Tuesday, 13 February 2018 12:55

Key trading markets under a cloud

Written by 
ASB’s senior rural economist Nathan Penny. ASB’s senior rural economist Nathan Penny.

Westpac senior analyst Anne Boniface says fears of tighter international supplies, particularly for whole milk powder, helped dairy prices squeeze higher in the first few Global Dairy Trade auctions of 2018. 

While Westpac has upgraded its forecast to $6.50/kgMS, slightly ahead of Fonterra’s estimate, it continues to caution against extrapolating recent trends too far into 2018. 

“Our view remains that growth amongst NZ’s key trading partners is likely to slow this year, led by China. 

“Chinese policymakers are poised to follow through with moves to rebalance their economy, reduce the risks generated by rapid credit expansion and put the economy on a more sustainable growth path. 

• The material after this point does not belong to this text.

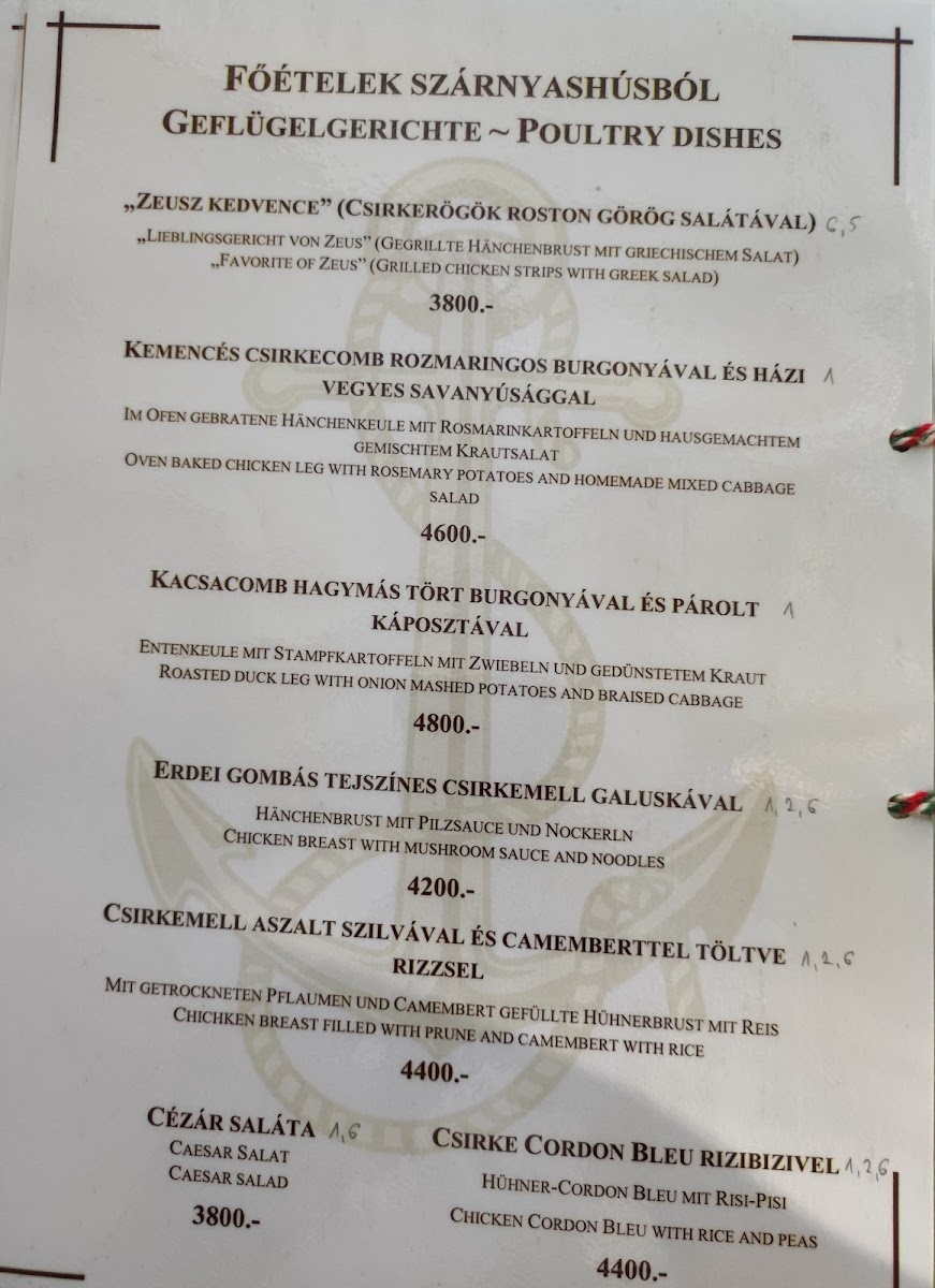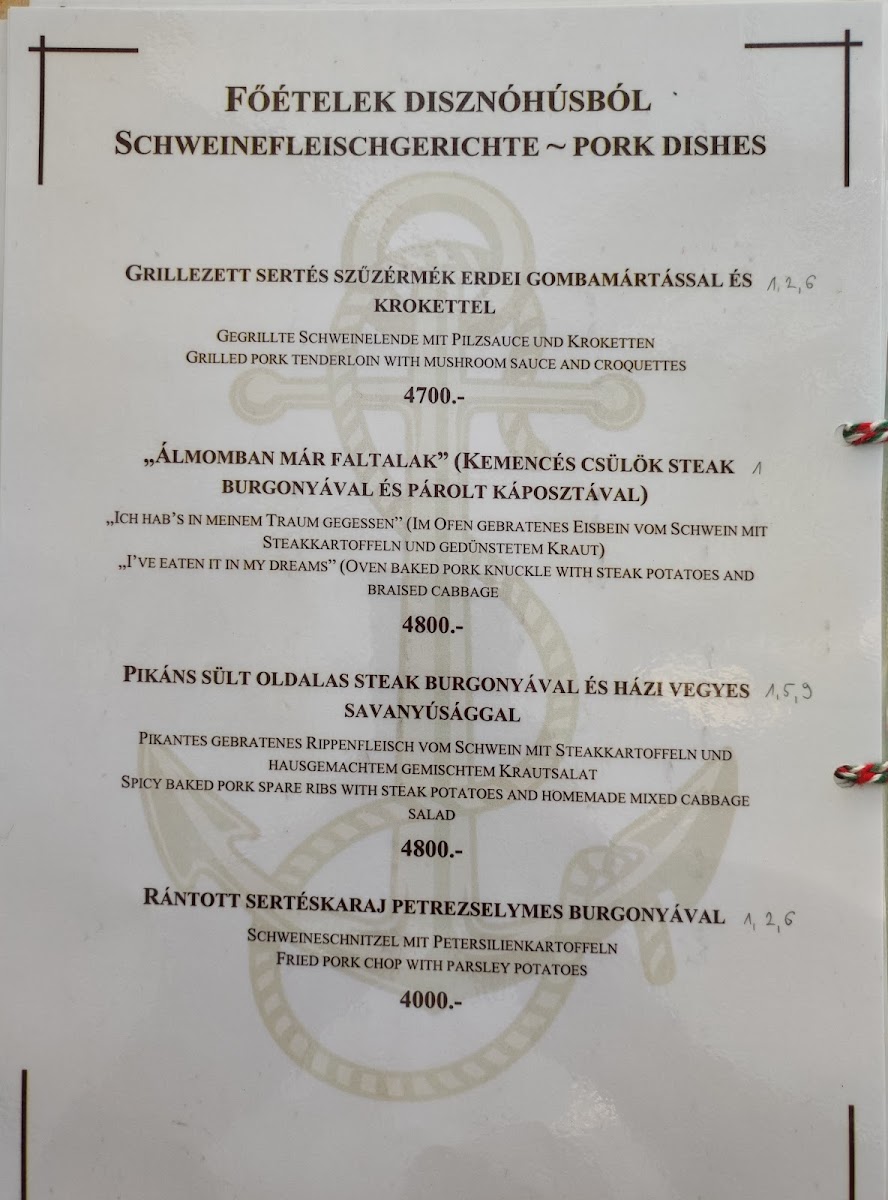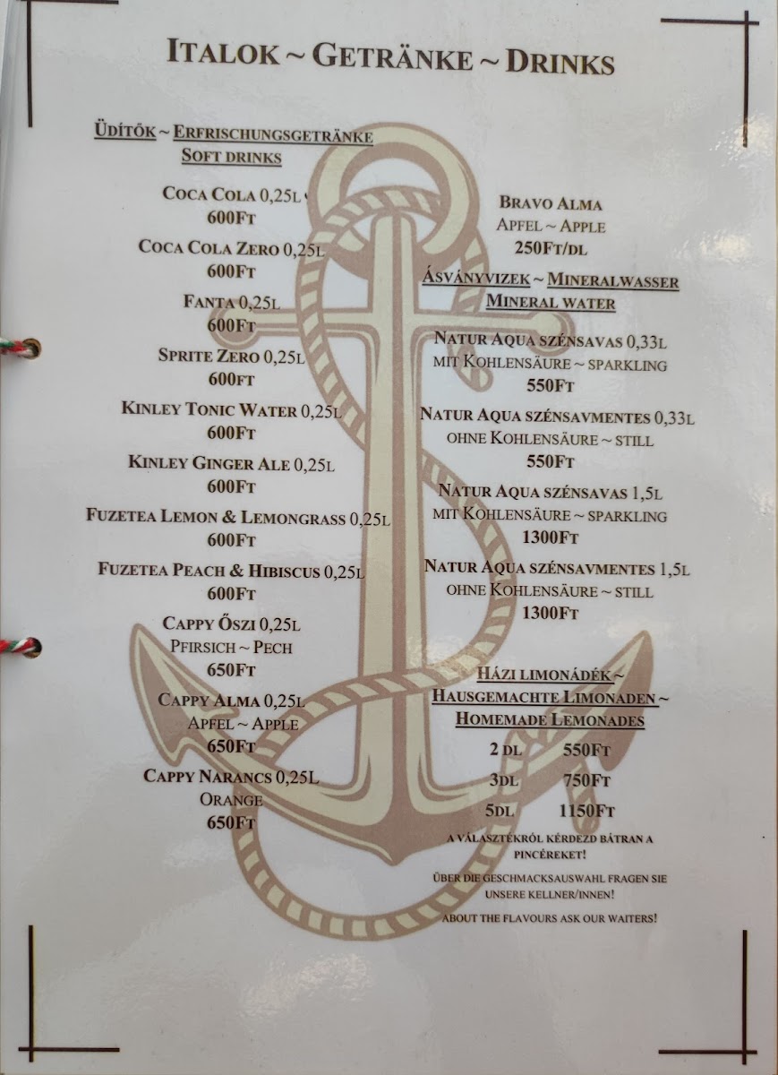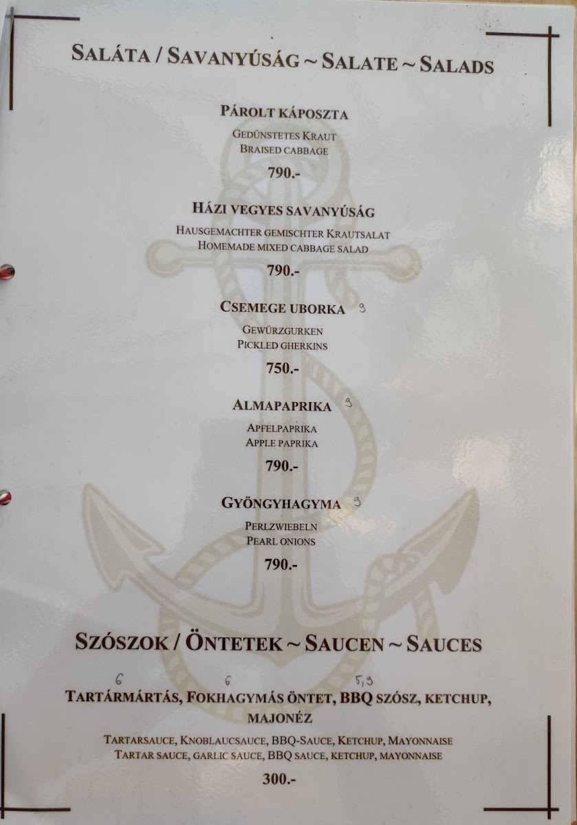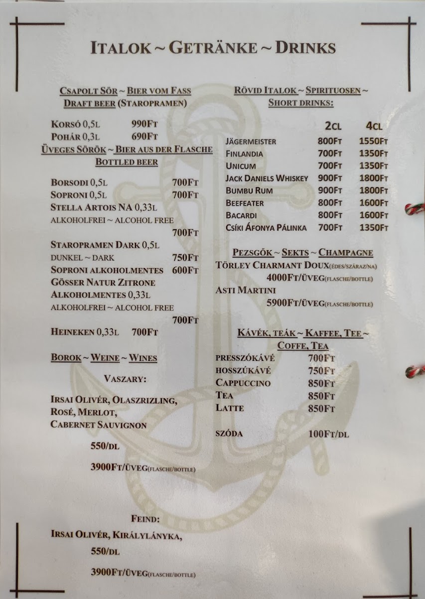 The menu features an array of tantalizing dishes. Signature offerings include fisherman's soup rich with carp fillet, grilled pike perch, and the beloved catfish paprikash. These hearty meals are generously portioned, ensuring guests leave fully satisfied.

“And while the consumer sector isn’t the focus for Chinese policymakers, they are unlikely to escape a period of slower growth completely unscathed.” 

ASB’s senior rural economist Nathan Penny observed that NZ weather’s wild ride continued with storms and flooding in some regions in January and February. 

“On the production side, we expect the improved weather will lead to production growth of 1% compared to last season. That said, there will be wide variations across the country given the varying extent of storms, drought and rainfall.” 

Penny says they expect some of this price strength will be temporary. In particular, weather to date in 2018 has improved, with most regions getting substantial rain. 

“So production is likely to improve later in the season.”